Starry Night (1889) by Vincent Van Gogh, as reproduced in our Van Gogh monograph

The pain that fired up Goya but finished off Van Gogh

Both were born on 30 March and both learned to put their inner turmoil into their art - but with very different results

The Dutch painter Vincent Van Gogh and the Spanish artist Francisco Goya seem to share little beyond their birthdays. Though both were born on this day, 30 March - Goya in 1746 and Van Gogh in 1853 - their professional lives diverged markedly.

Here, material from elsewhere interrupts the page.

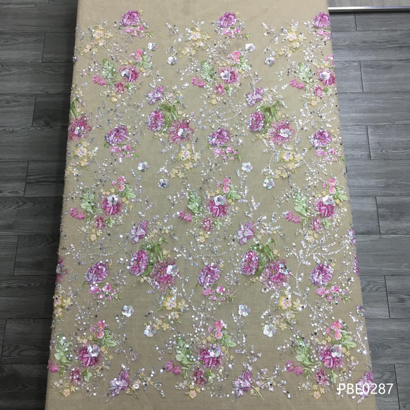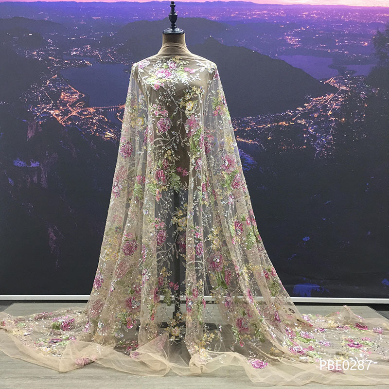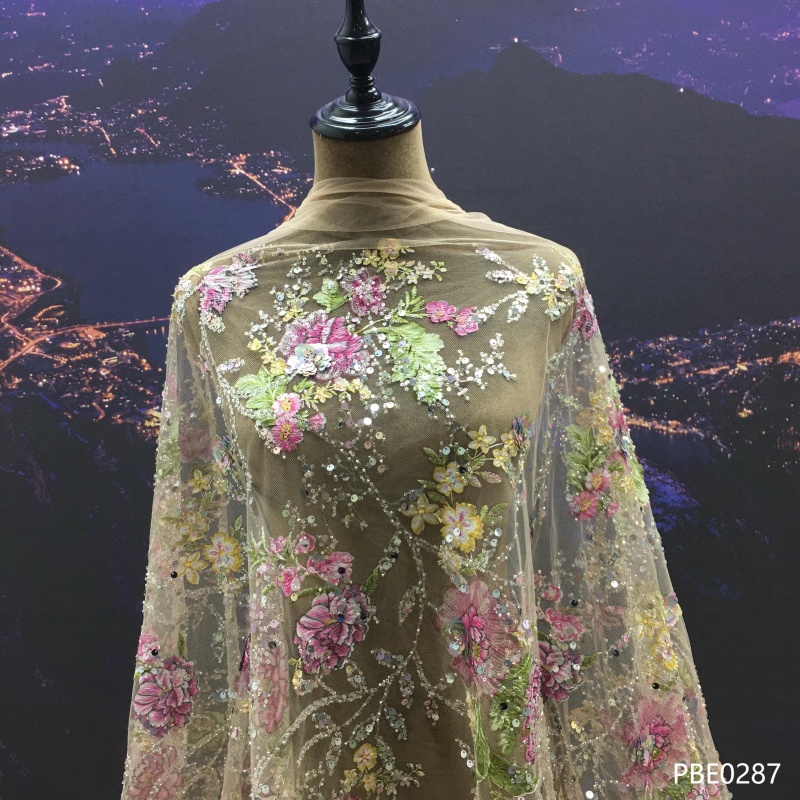 Wedding Dress Fabric Embroidery Beaded Geometry Shape

Goya was one of the most successful artists of his age, and died aged 82, after a long and fruitful career; Van Gogh's suicide at the age of 37 capped off a life racked by doubt, poverty and commercial failure. Today, little is known about Goya’s inner thoughts, yet Van Gogh’s psychic turmoil, thanks to the letters he sent to his brother Theo, is almost as famous as his beautiful canvases.

 

The Giant (1818) by Francisco Goya
The Giant (1818) by Francisco Goya

“Van Gogh’s story is not that of an eye, a palette, a brush, but the tale of a lonely heart that beat within the walls of a dark prison, longing and suffering without knowing why,” writes the critic Wilhelm Uhde in our Van Gogh book. “until one day it saw the sun, and in the sun recognized the secret of life. It flew towards the sun and was consumed in its rays.”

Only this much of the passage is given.